If you wondered why no posts, here’s the lowdown:

Wednesday morning I catch some type of 24-hour puke bug.

Thursday morning my wife puts me on a plane to Austin, Texas that she Pricelined only hours earlier. It’s a last-minute attempt to figure out the grad school situation. We eat barbeque at Stubb’s, shop on South Congress, swim in the Sheraton pool, take a look at the architecture department at the University of Texas, hang out on Sixth Street, and watch the bats fly on the South Congress Bridge.

Friday afternoon we’re back in Cleveland.

Not sure there’s anyway to process that kind of whirlwind madness. Couple of thoughts: It feels incredibly dorky to be named Austin in a city called Austin. This dorkiness is somewhat offset by the supreme coolness of the city and the warmness of the weather. Airport security is a joke.
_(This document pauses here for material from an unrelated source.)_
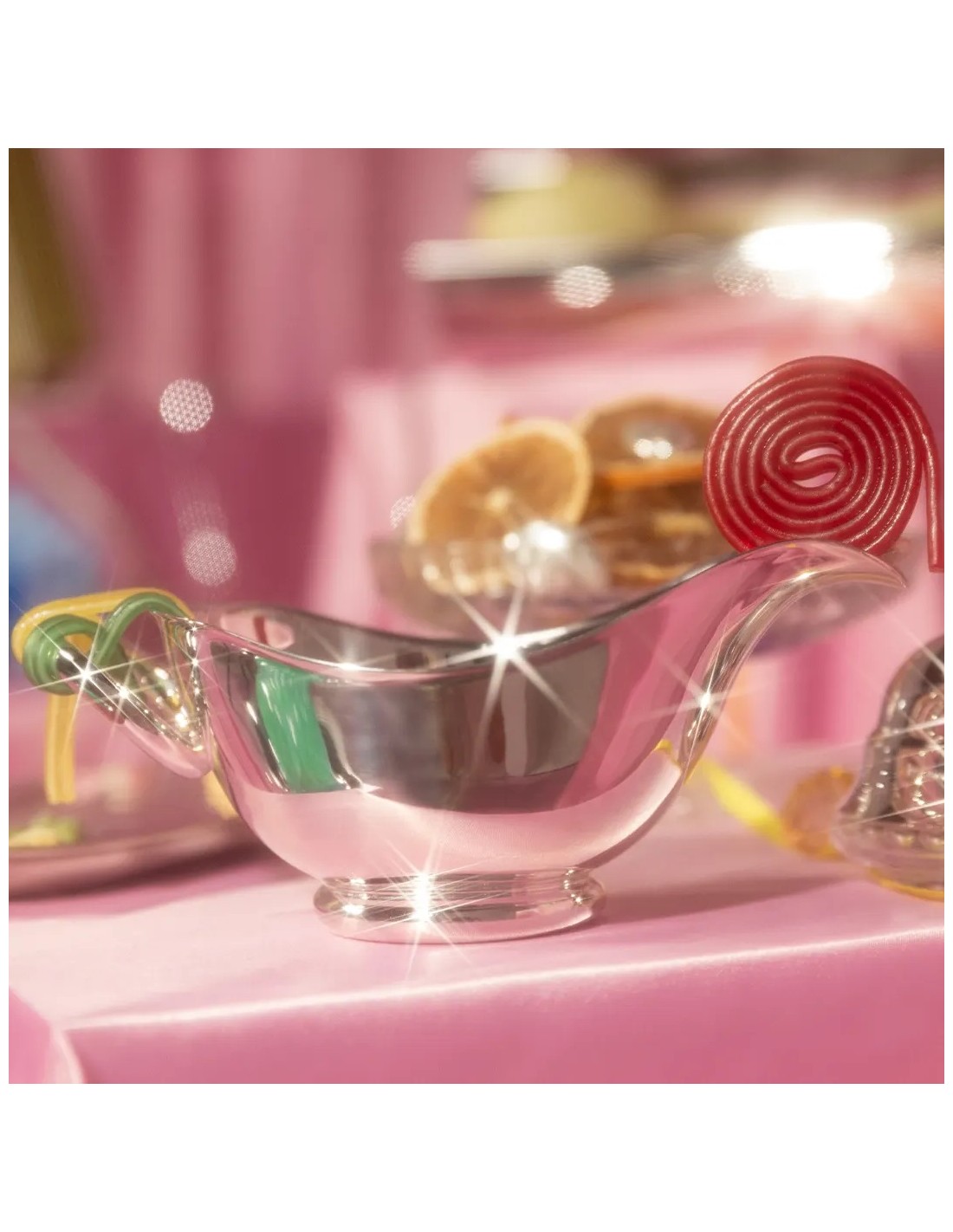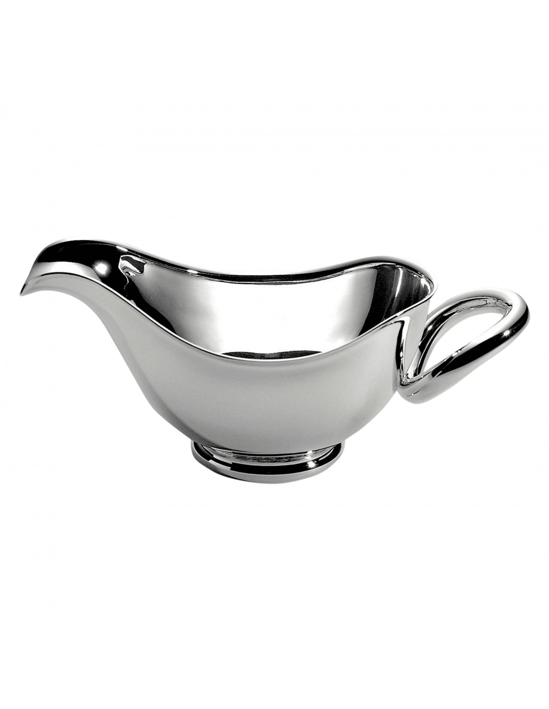 La salsera Vertigo de tamaño mediano bañada en plata añade refinamiento y una moderna elegancia lúdica a cualquier comida. Es ideal para servir salsas de todo tipo. El atrevido motivo de Vertigo (un anillo grueso, sutilmente asimétrico, que a menudo se coloca de forma torcida) se puede encontrar en todas las piezas de la colección diseñada por Andrée Putman.

Quite literally, in this case.

Got back to Cleveland, and even though we were exhausted, we went out with Meg’s parents to see writer Rick Cleveland (West Wing, Six Feet Under, Cleveland native) do his one-man show, “My Buddy Bill,” at the Coventry Unitarian church. It was hysterical, and it’s gonna be a filmed special for Comedy Central real soon. Here’s a clip on Youtube.

My father-in-law did a great writeup of Rick in the PD yesterday.

So anyways, there you have it. More to come.